You... might not be closing.

Jeff Foxworthy mastered the “You might be a redneck…” joke format, and has used it for decades. Today we take some inspiration from his format and apply it with some levity to the real estate market.

Jeff Foxworthy mastered the “You might be a redneck…” joke format, and has used it for decades. Today we take some inspiration from his format and apply it with some levity to the real estate market.

If your buyer is using FHA/USDA financing and your house is shedding paint faster than a Husky in Houston… You might not be closing. FHA/USDA/VA have strict rules on peeling paint - even if you have a newer home. If exterior wood surfaces should have covering to protect them, they’ll need to be scraped and painted to pass these minimum standards.

If your buyer is financing their loan, but the foundation is shakier than Evander Holyfield getting an ear exam from Mike Tyson…. You might not be closing. Banks want to know that the collateral (your home) will have at least 30 years of life left.

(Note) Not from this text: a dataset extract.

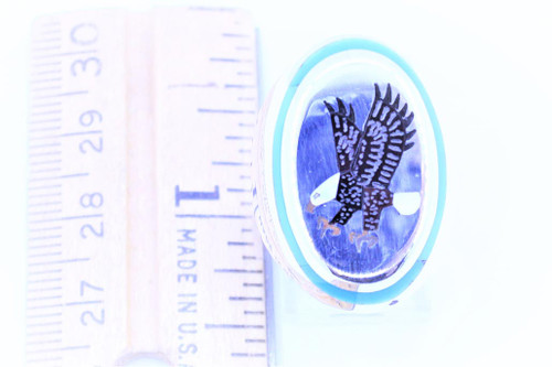 The eagle ring is all handmade out of sterling silver by a Zuni artist who signed and stamped the ring for authenticity. The ring has turquoise, onyx and mother of pearl.

If your home has unfinished construction/remodeling that even the Clampetts would turn up their noses… you might not be closing. We get it, your home is going to be amazing… once it has a floor and working plumbing. Appraisers are skilled in the art of seeing what isn’t there yet (we have to do it all the time for new construction loans) but many lenders get worried about lending 100% of the money on 50% of a house.

If you priced your 1 bedroom shack based on the mansion down the street because “location, location, location,” … you might not be closing. Location is important, but so is looking at a home like a buyer.

If you did all of the work yourself… without pulling any permits… you might not be closing. If construction has been performed that requires permits by your local municipality, many lenders will have a lot of extra questions.

If you dug for oil but hit the septic tank… you might not be closing. Active environmental hazards need to be addressed before the lender will write a loan.